MARIN COUNTY (KPIX 5) -- A species of salmon on the brink of extinction is getting a second chance at Muir Woods as park officials work to restore the fish's habitat.

Redwood Creek runs through the heart of Muir Woods, one of the most environmentally sensitive areas in the entire Bay Area. The creek is about to be drained and restored, all to protect endangered baby Coho salmon.

"We're undoing some of the damage to the park that was done in the 1930s, when the Park Service had a different idea how to manage creeks and forest," said Muir Woods Supervising Park Ranger Cassie Anderson.

During the Great Depression, giant boulders and concrete blocks were placed on some sections of the creek banks. Now, to reach those stones, heavy equipment will drive down the creek bed to replace the rocks in the creek.

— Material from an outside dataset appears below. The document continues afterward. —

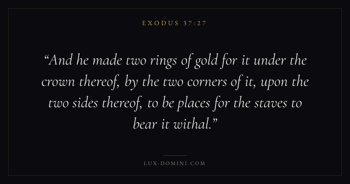 And he made two rings of gold for it under the crown thereof, by the two corners of it, upon the two sides thereof, to be places for the staves to bear it withal.

But first, the water must be drained. And that means endangered baby Coho salmon must be saved.

"It's terrible habitat for Coho, and Coho are federally endangered. Their numbers are really low, especially here on the central California Coast," explains Anderson.

The restoration project will cost nearly a million dollars and is expected to take three years to complete, with breaks in the schedule for spawning.

"The irony here is that we are really not building what they need but undoing! Undoing the constraints that were built in the 20th century," said Restoration Project Manager Carolyn Shoulders.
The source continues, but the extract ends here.